_What to produce_
Please retype the data below exactly, stopping after the line with "1. 贵安新区发展算力枢纽产" and skipping every picture.

_Supplied information_
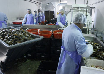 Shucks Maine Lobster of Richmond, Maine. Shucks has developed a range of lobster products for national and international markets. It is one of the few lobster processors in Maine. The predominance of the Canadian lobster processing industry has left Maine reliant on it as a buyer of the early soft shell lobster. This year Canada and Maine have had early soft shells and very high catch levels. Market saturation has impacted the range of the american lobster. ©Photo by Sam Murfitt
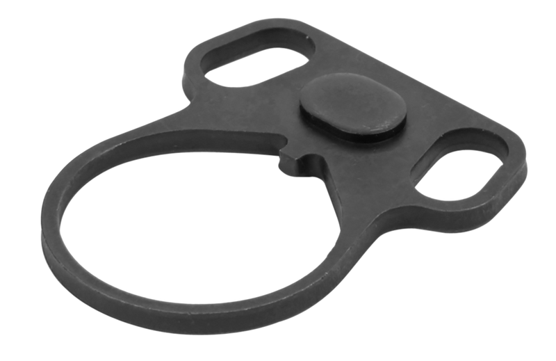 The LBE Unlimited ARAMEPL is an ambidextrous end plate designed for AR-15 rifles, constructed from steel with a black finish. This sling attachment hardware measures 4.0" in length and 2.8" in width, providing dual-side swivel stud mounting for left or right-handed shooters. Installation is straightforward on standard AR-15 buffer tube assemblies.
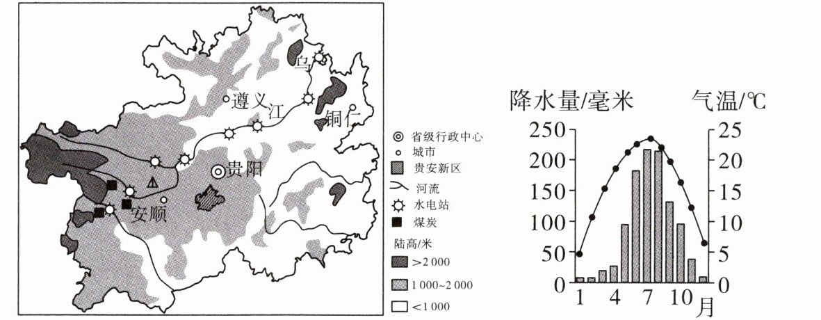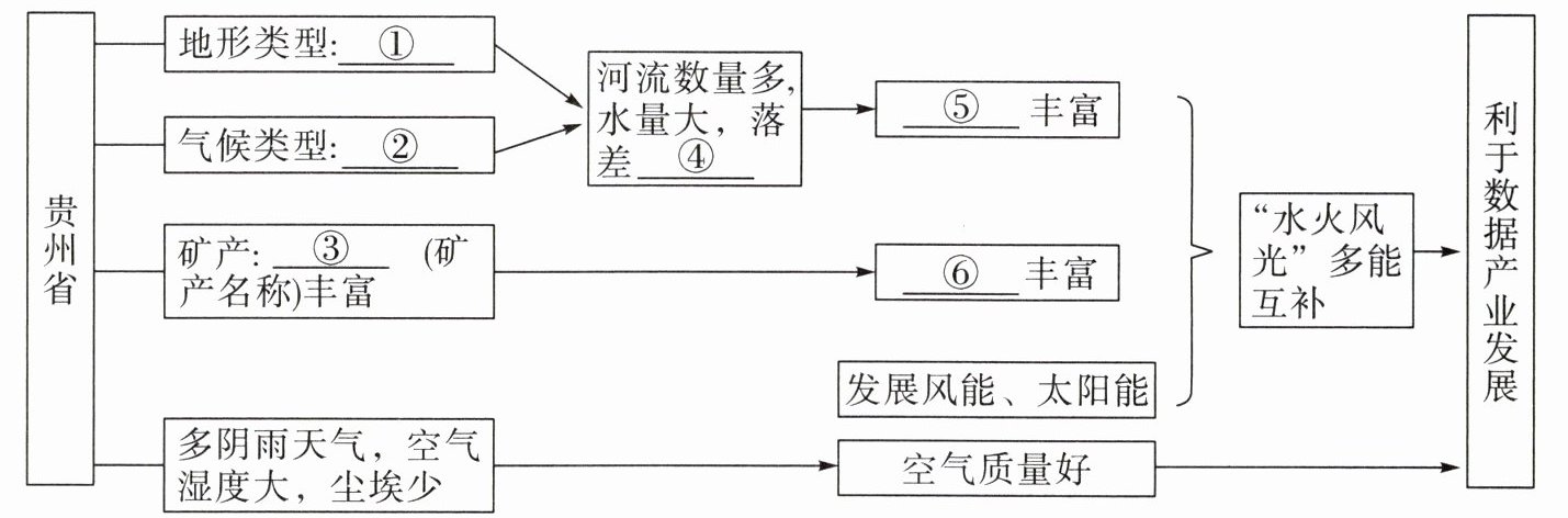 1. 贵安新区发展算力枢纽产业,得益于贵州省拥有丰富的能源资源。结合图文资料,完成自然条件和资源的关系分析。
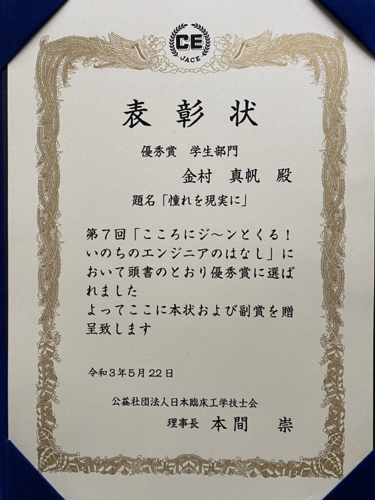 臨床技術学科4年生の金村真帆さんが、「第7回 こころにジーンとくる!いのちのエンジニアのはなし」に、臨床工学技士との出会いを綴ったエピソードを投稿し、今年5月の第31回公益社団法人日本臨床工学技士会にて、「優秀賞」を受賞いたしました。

_Output of the task_
 Shucks Maine Lobster of Richmond, Maine. Shucks has developed a range of lobster products for national and international markets. It is one of the few lobster processors in Maine. The predominance of the Canadian lobster processing industry has left Maine reliant on it as a buyer of the early soft shell lobster. This year Canada and Maine have had early soft shells and very high catch levels. Market saturation has impacted the range of the american lobster. ©Photo by Sam Murfitt
 The LBE Unlimited ARAMEPL is an ambidextrous end plate designed for AR-15 rifles, constructed from steel with a black finish. This sling attachment hardware measures 4.0" in length and 2.8" in width, providing dual-side swivel stud mounting for left or right-handed shooters. Installation is straightforward on standard AR-15 buffer tube assemblies.
 1. 贵安新区发展算力枢纽产业,得益于贵州省拥有丰富的能源资源。结合图文资料,完成自然条件和资源的关系分析。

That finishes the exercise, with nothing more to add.